Bayesian predictive modelling using twitter data

2012 was a fun year because the popularity of Twitter growing and strong. It was a channel that the general public was using to voice their opinions of anything and everything. In an experiment I wanted to see if popular opinion could predict the NFL Draft.

The dashboard look was epic!

To make this happen actually required a bit of architecture planning and stitching multiple systems together. Using Twitter and the stream API was perfect for our source of data, it just works. But I also needed player and team information to connect mentions of players and teams together. Finally a series of sentiment analysis systems to capture positive or negative comments and filters to remove noise.

First work was implementing the Twitter Stream API, listening for everything that mentioned "nfl draft" keywords. This data is collected and rotated into JSON files for the next system to pickup and process.
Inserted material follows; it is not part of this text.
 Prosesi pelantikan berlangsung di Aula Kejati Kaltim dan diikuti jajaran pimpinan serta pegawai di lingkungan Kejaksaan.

This is a lot of data as you can imagine so the implementation of a monitoring and alerting system was improtant if any of these systems stopped working because it would have a knock-on impact to the whole system.
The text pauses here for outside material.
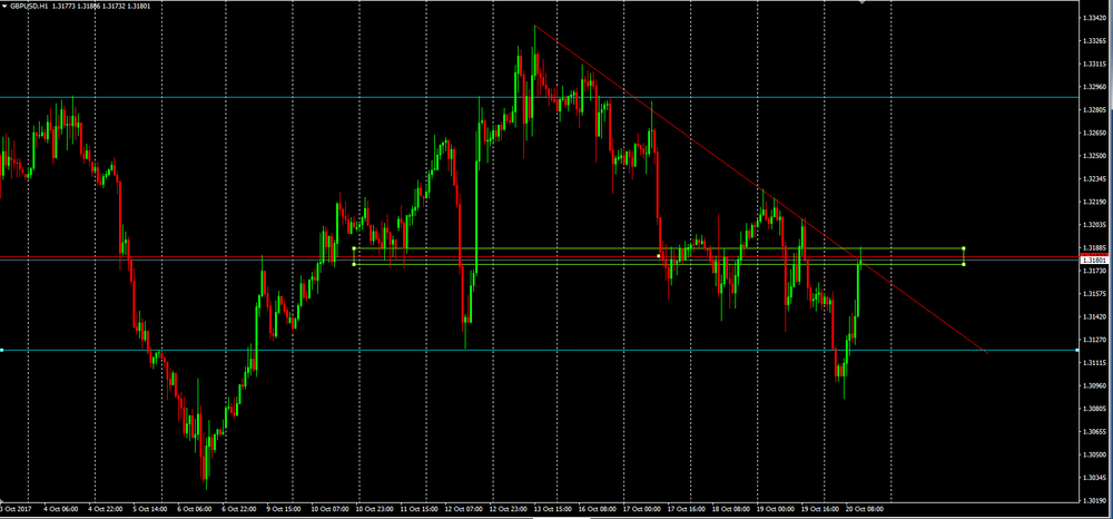 A gráfico de 1 hora podemos constatar que o preço tem vindo a respeitar de forma bastante coerente a nossa linha de tendência descendente.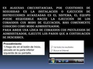 Este documento describe cómo ejecutar comandos con privilegios de administrador en Windows. Explica que a veces es necesario ejecutar comandos como administrador por razones de seguridad. Luego detalla los pasos para abrir una línea de comandos con privilegios de administrador, que incluyen buscar "cmd" en Iniciar, hacer clic derecho en el resultado y seleccionar "Ejecutar como administrador", lo que abrirá una ventana de línea de comandos con privilegios elevados.

Now we have continuous data flowing into our system, next came came the crutial step of taking the data we wanted, linking teams and players and then storing this in our database. Having all the players names for the Draft was key, so scouting all of the large websites to collect their names was time consuming but also great to get a sense of each of these players. What is really important is having everyone who is eligible for the draft in your system, because the reality is we wont know if they plan to declare until the end of the college season and they make that decision.
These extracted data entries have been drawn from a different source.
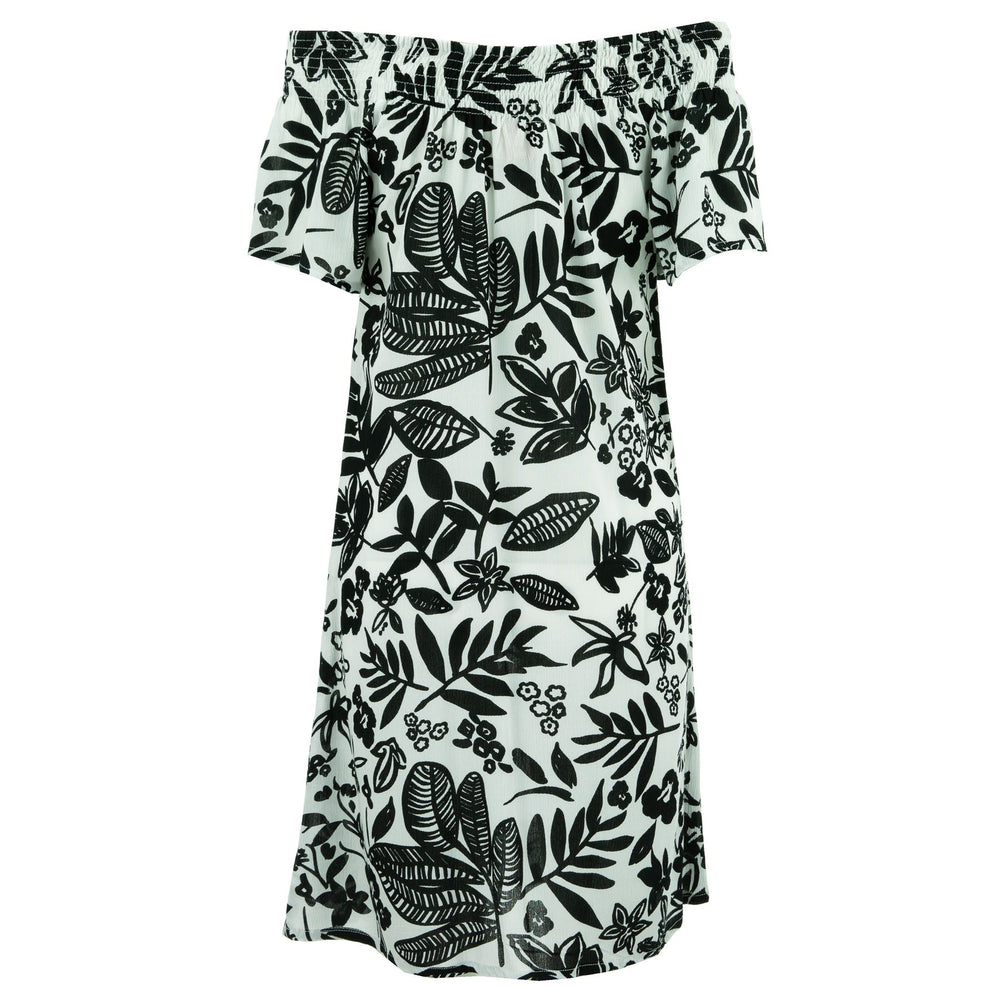 Very comfy dress with a shirred elastic neckline that can be worn on or off-shoulder, short sleeved and loose.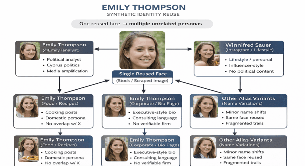 Analysts note that this structure closely resembles synthetic persona deployment, a practice in which stock or scraped images are reused to create multiple online characters for narrative amplification, influence operations, marketing manipulation, or short-lived digital projects.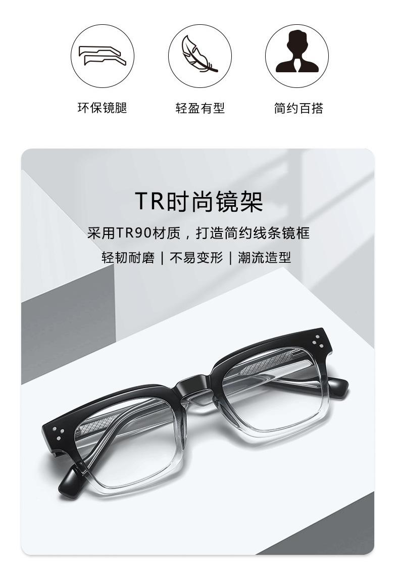 LS244欧美男士TR90防蓝光眼镜跨境新品时尚个性方框平光镜架现货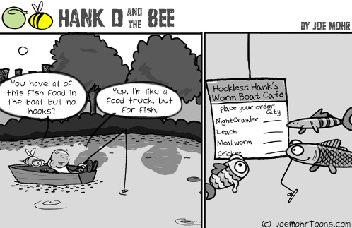 Catch up on the rest of the Hank D and the Bee series at JoeMohrToons.com. For cartoon updates and other green goings-on, follow Joe on Twitter @GreenCartoons.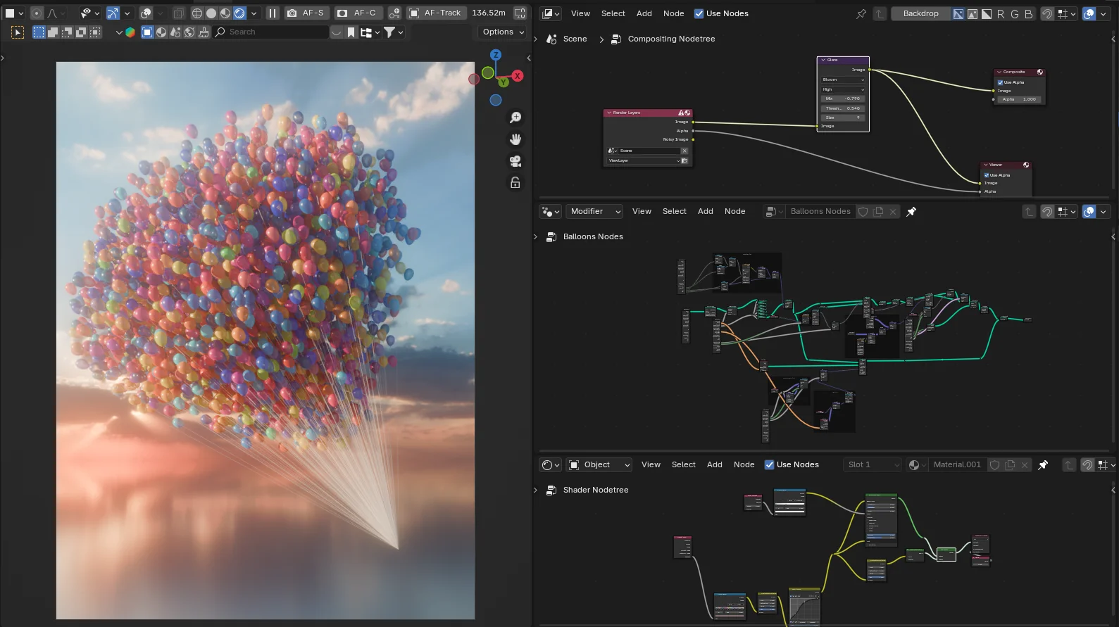 This Geometry Nodes setup generates clusters of balloons on target geometry using point instancing. The system includes built-in noise parameters that simulate floating and wind movement, which can be animated directly from the modifier panel.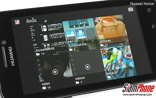 ภาพ และวิดีโอ ภาพ และวิดีโอทั้งหมดจะเก็บอยู่ในเมนูคลังภาพ โดยจะแบ่งรายละเอีดยของไฟล์ตามโฟลเดอร์ที่เราโอนรูปเข้าโทรศัพท์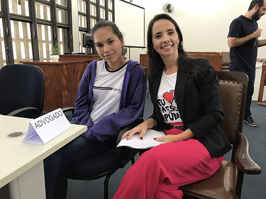 A advogada Simone Alabarse com a advogada mirim, na audiência simulada (Foto: Siga Mais).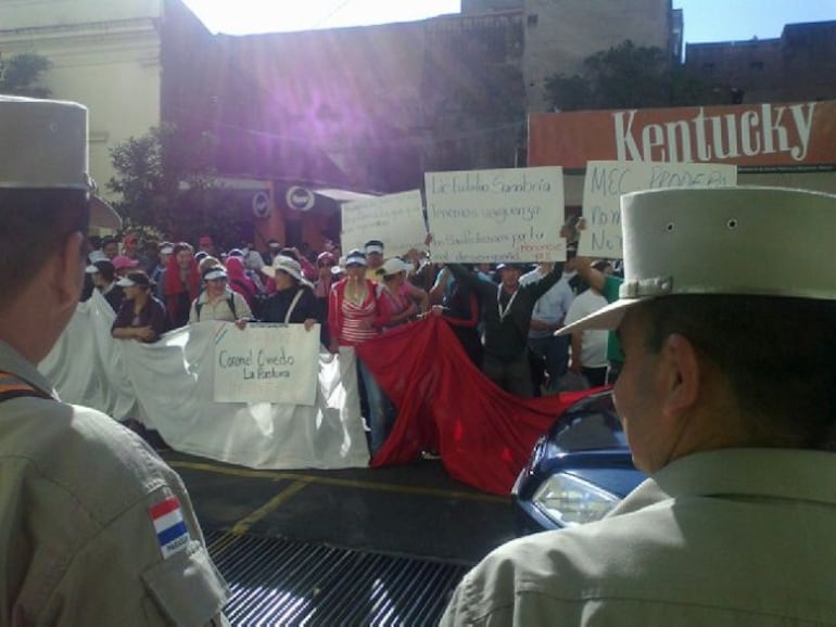 Los maestros se concentran desde tempranas horas en las plazas frente al Congreso, en espera del inicio de la sesión en el Senado, que en la fecha debe estudiar la modificación del artículo 39 de la Ley Nº 4581/11 ‘Que aprueba el Presupuesto General de la Nación para el Ejercicio Fiscal 2012", lo que permitirá el pago de bonificación a los docentes por el segundo hijo.

When prospect players are mentioned they are often linked to potential teams, and this is the exciting part as this creates a picture of who could go where! Taking into account for team abbreviations and nicknames helps here too, but also filtering as its quite common for players for to have the same surname as a NFL team. (e.g Washington) or they may be mentioned in reference to their college and not the NFL team (e.g Miami Tech vs Miami Dolphins)

I was quite adventurous at the time and wanted to perform sentiment analysis on tweets (140 characters) which now I see was impossible, its just not enough when you consider tags, internet talk and general lack of sentence structure. It was interesting and enjoyable to do training of a naive bayes algorithm and observe the results, it wasnt great but it worked. Im really glad I didnt go down the rabbit hole of auto-training because without rigourous quality checking these systems spin out of control.

A this stage we have a database full of prospect player connections to teams so the next step was plugging in the NFL Draft order and building a system that would take the mappings and simulate the 7 rounds of the draft. I loved this part as it was in the early stages throwing up some quite random results, but its a system that worked really well. Of course the adage "quality in, quality out" rules here and it took time to see the more realistic picks rise to the top.

The draft selection process originally took the most 'popular' player based on the current team pick and selected them blindly, which basically resulted in a first round draft full of quarter backs. I am always hesitant to hard code rules into system but something needed to be done to ensure this scenario was avoided. The solution was that before the draft simulation ran it constructed a list of 'needed positions' based on the teams connection strengths to prospect players and for each team pick the list was referenced to make the decision on which player to take. The results were that we didnt have repeated picks and fascinating outputs in comparison to some 'big boards' were happening! It wasnt perfect, eventually adding statistical guard rails complimented the picks which made it an eligant solution.

This is the part of the work where you now have your very own data source to play with, its so much fun building visualisations and tools to inspect the data.

I thought it would be good to share what I was working on with the internet, and to my surprise there are many data nerds like me who are really into this sort of stuff. They provided excellent feedback and eventually it had a life of its own being featured on official supporter forums and even local radio stations! I had major interest from sporting networks and outlets who had never seen anything like this before.

This website ran on a single node system, with a LAMP architecture, fronted by Varnish. It served well over 250 million views and at the peak leading upto the draft ~40,000 requests per second. Fun stuff!

Andrew Luck

Andrew Luck was the first round pick for the Colts, the system got that and many other predictions spot on. Once the draft was over for the year it was time to turn off the lights and work on something else.

•